# Rotation and translation of a sphere in different directions

Consider a sphere of radius $$R$$ on a rough surface. Let it be rotating with angular velocity $$\vec{\omega}$$ and let it be moving with velocity $$\vec{v}$$. Then what happens after a very long time? What is the magnitude and direction of both its velocity vector and angular velocity vector after a long time?

EDIT: Let coefficient of static friction be $$\mu$$.

• Coefficient of friction can be assumed to be $\mu$? Commented May 26, 2020 at 11:53
• Nothing can be said in general. Commented May 26, 2020 at 11:59
• @HarishChandraRajpoot I don't think it should matter, but feel free to use the value as $\mu$ Commented May 26, 2020 at 12:52
• @Doubtnut something is got to happen, right? Are you saying that the same initial configuration can lead to different results? Commented May 26, 2020 at 12:54
• The sphere will execute pure rolling but its direction of motion can't be predicted. Commented May 26, 2020 at 12:56

Let the net frictional impulse by the ground be $$\vec{f}$$. This is until the sphere starts pure rolling.

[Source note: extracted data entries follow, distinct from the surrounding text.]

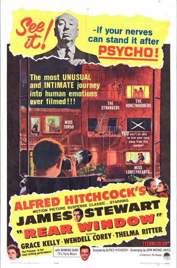 A masterpiece amongst masterpieces from Hitchcock. As can be seen, this poster was issued to capitalize on the phenomenal success of Psycho, but also exploits Grace Kelly's intervening rise to royalty and Burr's TV success as Perry Mason. Many people prefer this image to the muted and very expensive 1st release.
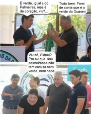 Os cliques são desta quinta-feira, durante a inauguração da arena multiuso no colégio Vinícius de Moraes. O diretor Raoni de Assis presentou o secretário de Estado Douglas Fabrício com uma camisa da escola, verde. Em tempo: Raoni é corintiano e Douglas santista. O prefeito Tauillo Tezelli é Palmeiras e o vereador Sidnei Jardim é Flamengo, mas este não está querendo falar de futebol hoje, não...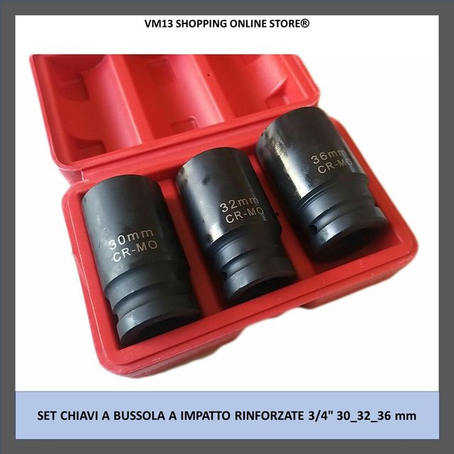 Dettagli del prodottoSet composto da 3 bussole millerighe a impatto con attacco da 3/4" per pistola avvitatore, contenute in una comoda custodia in plastica rigida.

Now the force $$\vec{f}$$ causes a change in the linear velocity of the sphere. The new velocity will be $$\vec{v_1} = \vec{v} + \frac{\vec{f}}{m}$$

Now let $$\vec{r}$$ be the vector which points from the center to the point of contact. Then our new $$\omega_1$$ will be $$\vec{\omega_1} = \vec{\omega} + \frac{\vec{f} \times \vec{r}}{I}$$

where $$I$$ is the moment of inertia of the sphere. In the end the point of contact should be at rest. So $$\vec{\omega_1} \times \vec{r} + \vec{v_1} = 0$$ $$\implies \ \vec{\omega} \times \vec{r} - \frac{\vec{f} \cdot R^2}{I} + \vec{v} + \frac{\vec{f}}{m} = 0$$

From this we can get $$\vec{f}$$, from which we can get $$\vec{w_1}$$ and $$\vec{v_1}$$.

Note: technically the second line should have been written as $$\Delta \vec{L} = \vec{f} \times \vec{r}$$, but the inertia is the same for a sphere along any axis going through its center, so we can get away with it.

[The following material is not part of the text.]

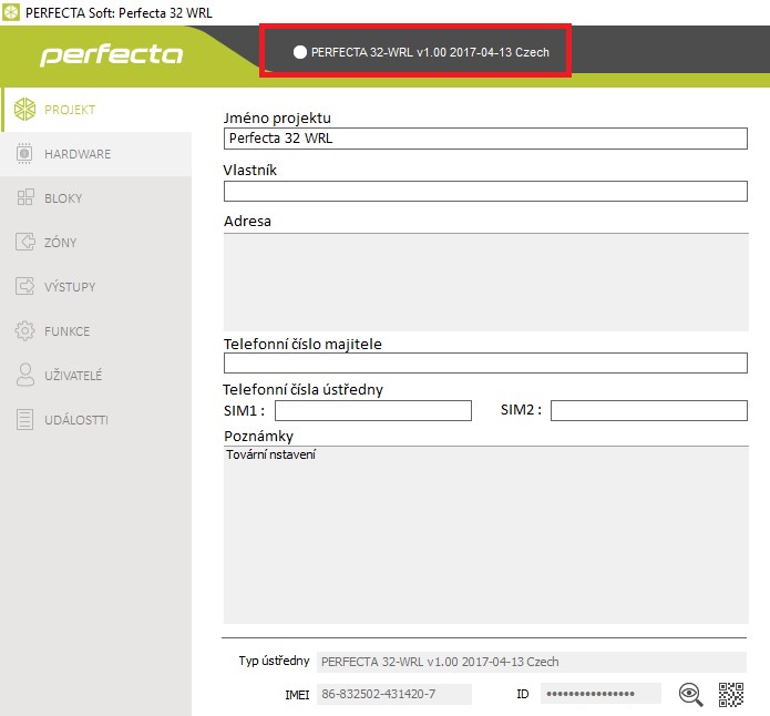 • Ústřednu PERFECTA, na které má být proveden upgrade

You have to find the velocity of the bottom-most point wrt ground (v-Rω). The frictional force will continue to act against it until velocity of the point becomes zero. This can happen as the ball stops moving and rolling at the same time (this case needs a specific set of initial values) or starts pure rolling (happens in most of the cases).